(Excerpts from a dataset)
►

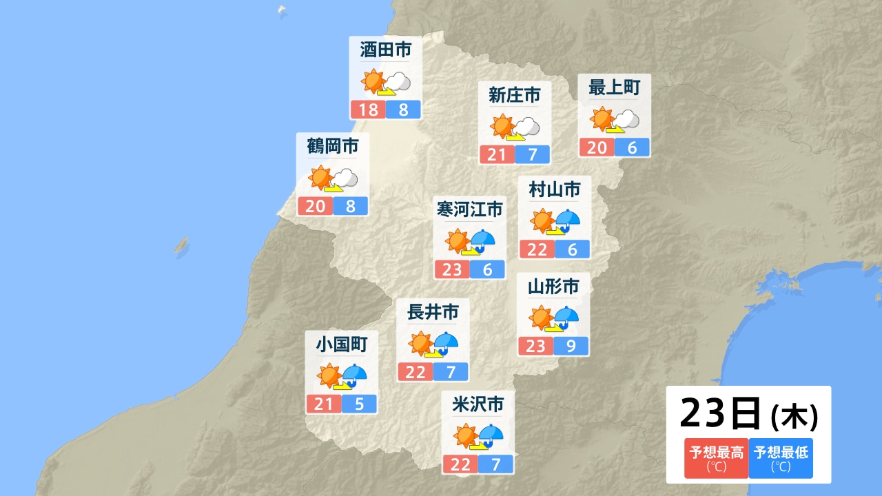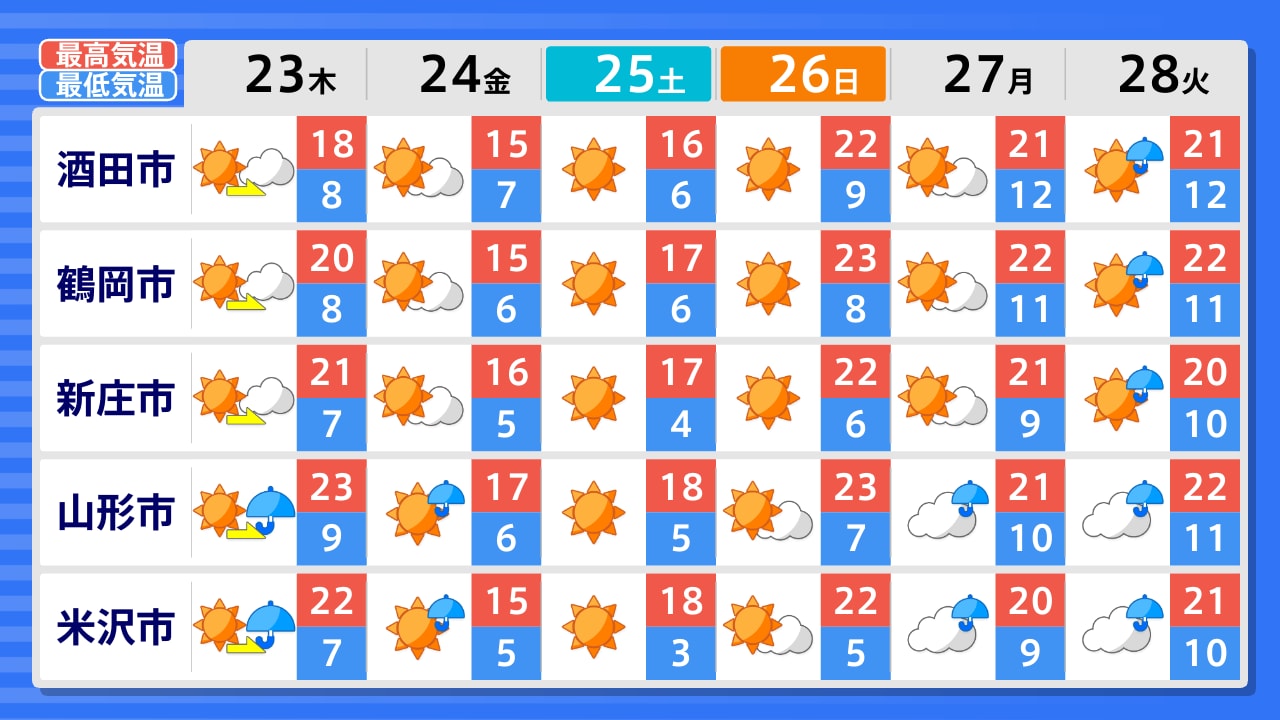 酒田市 新庄市 最上町 鶴岡市 寒河江市 村山市 山形市 長井市 小国町 米沢市
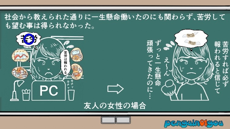 • 苦労を拒否する当然報われない
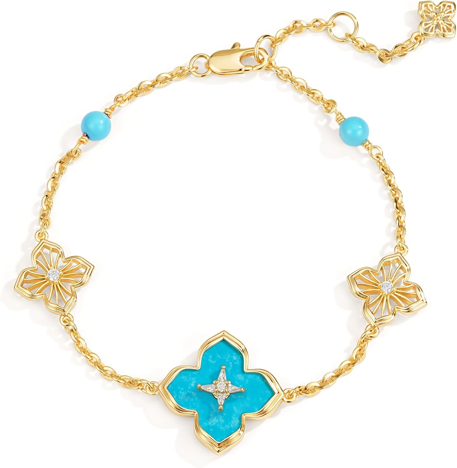 FETERO Gold Bracelets for Women Trendy, Dainty 14K Gold Plated Charm Clover Bracelet 2 Sided Lucky Pendant Cute Pearl Beaded Bracelets Link Chain Waterproof Womens Jewelry Gifts
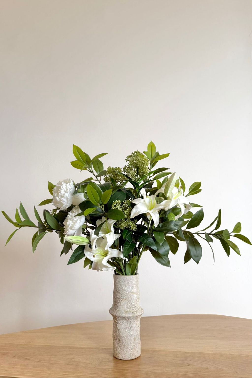 Dans un intérieur, ce bouquet apporte équilibre et pureté, créant une atmosphère sereine et raffinée.
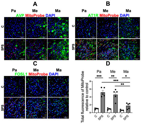 Our data further indicated that SPS induced mtROS particularly in the Pa and Me regions (Figure 3). The colocalization of mtROS with AT1R- and FOSL1-expressing cells suggests that oxidative stress may play a critical role in amplifying sympathetic outflow and stress responses. This supports the notion that AT1R signaling can drive oxidative stress, which in turn enhances neuronal excitation and sympathetic nerve activity [43,44,45]. The preferential localization of mtROS in autonomic subregions may point to the selective vulnerability of sympathetic pathways to oxidative stress, which needs to be further investigated.
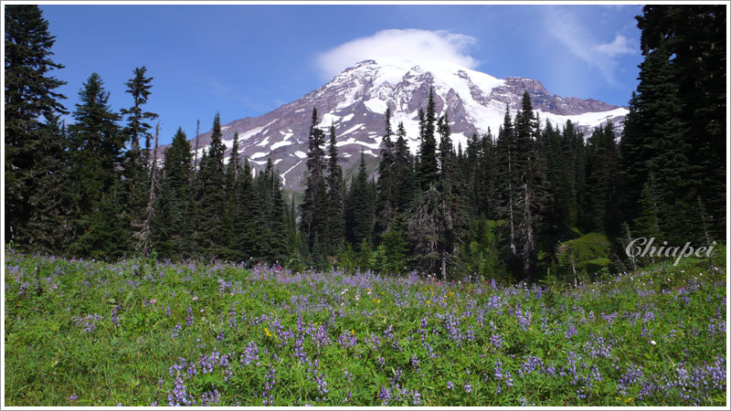 紫花映襯的 Rainier
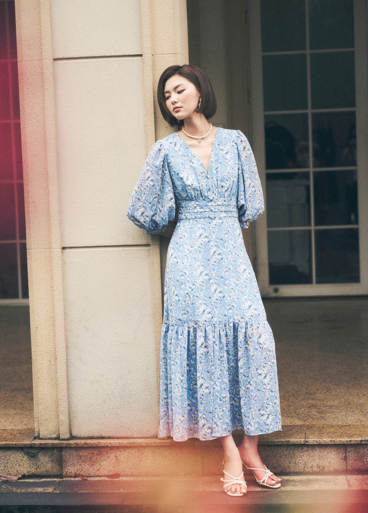 Chạm vào vẻ đẹp lãng mạn và nên thơ của những chiếc váy dài in hoa qua bản phối họa tiết màu xanh dương. Cổ áo chữ V phối vòng cổ tròn tôn trọn gương mặt, mái tóc ngắn và xăng đan cao gót bổ sung vào vẻ ngoài ấn tượng. ẢNH: DREAMERS
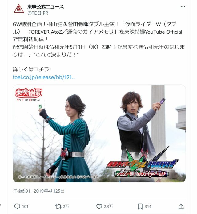 爆売れした「仮面ライダー俳優」ランキング、佐藤健を抑えた「有名女優と結婚した」一流俳優は【トップ3】 ピンズバNEWS編集部 2025.4.27 俳優 (4/4ページ) 1ページ目から読む ■【画像】「爆売元仮面ライダー俳優」トップ、あどけなさ残るかつての変身ポーズ 菅田将暉は、『仮面ライダーW』で桐山漣とともに主演、ドラマ初出演&初主演をはたした。 東映公式ニュース 公式Xより この画像の記事を読む 1 2 3 4
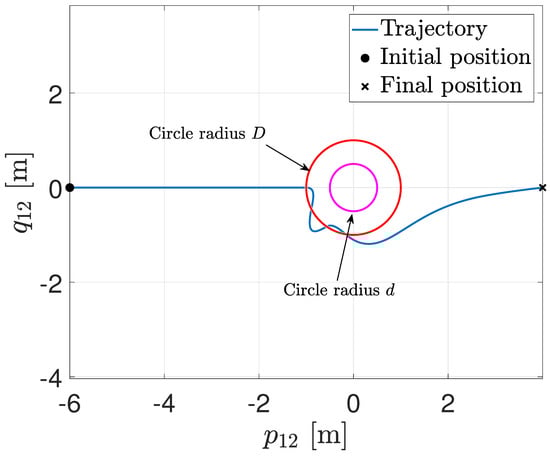 Figure 2 illustrates the trajectory in the plane , where the origin means that the agents collide. The circle in red is the sensing distance, while the magenta circle is the safety distance. When the trajectory enters the sensing distance, the RVFs are activated, and the collision is avoided.
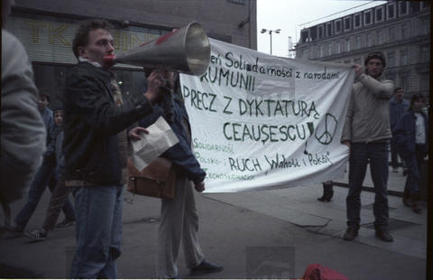 Wrocław 15-11-1988, ul. Świdnicka. Akcja protestacyjna Ruchu Wolność i Pokój i SPCz z okazji Międzynarodowego Dnia Solidarności z Narodami Rumuni. N/z: Marek Krukowski, Jerzy Żurko, Radosław Gawlik. Fot. NAF Dementi

◄

== What is required ==
Here the job is to repeat the entries verbatim while leaving all pictures out.

== Response to this exercise ==
 酒田市 新庄市 最上町 鶴岡市 寒河江市 村山市 山形市 長井市 小国町 米沢市
 • 苦労を拒否する当然報われない
 FETERO Gold Bracelets for Women Trendy, Dainty 14K Gold Plated Charm Clover Bracelet 2 Sided Lucky Pendant Cute Pearl Beaded Bracelets Link Chain Waterproof Womens Jewelry Gifts
 Dans un intérieur, ce bouquet apporte équilibre et pureté, créant une atmosphère sereine et raffinée.
 Our data further indicated that SPS induced mtROS particularly in the Pa and Me regions (Figure 3). The colocalization of mtROS with AT1R- and FOSL1-expressing cells suggests that oxidative stress may play a critical role in amplifying sympathetic outflow and stress responses. This supports the notion that AT1R signaling can drive oxidative stress, which in turn enhances neuronal excitation and sympathetic nerve activity [43,44,45]. The preferential localization of mtROS in autonomic subregions may point to the selective vulnerability of sympathetic pathways to oxidative stress, which needs to be further investigated.
 紫花映襯的 Rainier
 Chạm vào vẻ đẹp lãng mạn và nên thơ của những chiếc váy dài in hoa qua bản phối họa tiết màu xanh dương. Cổ áo chữ V phối vòng cổ tròn tôn trọn gương mặt, mái tóc ngắn và xăng đan cao gót bổ sung vào vẻ ngoài ấn tượng. ẢNH: DREAMERS
 爆売れした「仮面ライダー俳優」ランキング、佐藤健を抑えた「有名女優と結婚した」一流俳優は【トップ3】 ピンズバNEWS編集部 2025.4.27 俳優 (4/4ページ) 1ページ目から読む ■【画像】「爆売元仮面ライダー俳優」トップ、あどけなさ残るかつての変身ポーズ 菅田将暉は、『仮面ライダーW』で桐山漣とともに主演、ドラマ初出演&初主演をはたした。 東映公式ニュース 公式Xより この画像の記事を読む 1 2 3 4
 Figure 2 illustrates the trajectory in the plane , where the origin means that the agents collide. The circle in red is the sensing distance, while the magenta circle is the safety distance. When the trajectory enters the sensing distance, the RVFs are activated, and the collision is avoided.
 Wrocław 15-11-1988, ul. Świdnicka. Akcja protestacyjna Ruchu Wolność i Pokój i SPCz z okazji Międzynarodowego Dnia Solidarności z Narodami Rumuni. N/z: Marek Krukowski, Jerzy Żurko, Radosław Gawlik. Fot. NAF Dementi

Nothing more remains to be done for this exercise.